US Supreme Court upholds decision by Oklahoma Court of Civil Appeals that state law requiring payments under tobacco settlement applies to all cigarettes sold with a state excise tax stamp

OKLAHOMA CITY , December 3, 2013 () – The U.S. Supreme Court on Monday upheld Oklahoma's right to collect payments from a tobacco company for cigarettes sold to American Indians.

Without comment, the high court let stand a decision by the Oklahoma Court of Civil Appeals that a state law requiring payments under the tobacco settlement applies to all cigarettes sold with a state excise tax stamp.

Grand River Enterprises Six Nations, a tribal-owned Canadian company, asked the U.S. Supreme Court to intervene in the case, claiming the state could not tax cigarettes sold to Indians at the same rate as those sold to non-Indians.

The case grew out of the 1998 settlement between 46 states and the nation's four largest tobacco companies. The settlement required those four companies to make payments in perpetuity for the states' cost of treating people with smoking-related illnesses.

An Oklahoma law then required tobacco companies that didn't participate in the settlement to deposit money in escrow, based on the number of cigarettes sold. Under the law, the money would be refunded to the companies in 25 years if not needed to pay health-related judgments or settlements against them.
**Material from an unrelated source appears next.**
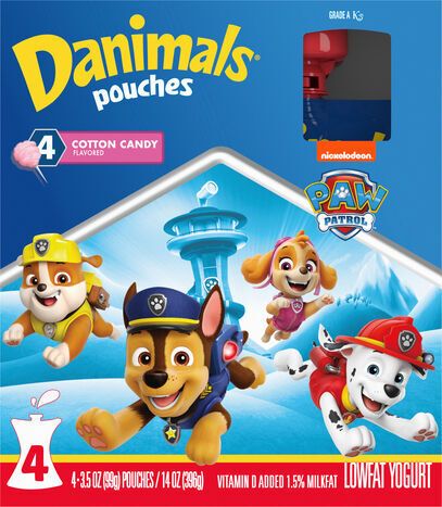 Danimals Yogurt, Lowfat, Paw Patrol, Cotton Candy Flavored - 4 x 3.5 Ounces

The U.S. Supreme Court has ruled that tribal tobacco retailers don't have to charge taxes on tribal members, but the state law on the escrow payments encompassed all packs of cigarettes bearing a state tax stamp.

The Oklahoma appeals court ruled that a decision for Grand River Enterprises would allow the company to evade its escrow obligation "by distributing its cigarettes to be sold only on tribal lands." Then, the court said, the company also could avoid the intent of the tobacco settlement -- shifting the health care costs from the states "to the entities who profit from the smoking enterprise."

A state court judge found Grand River Enterprises owed more than $5 million in escrow payments for 2005 and 2006 and fined the company about $508,000.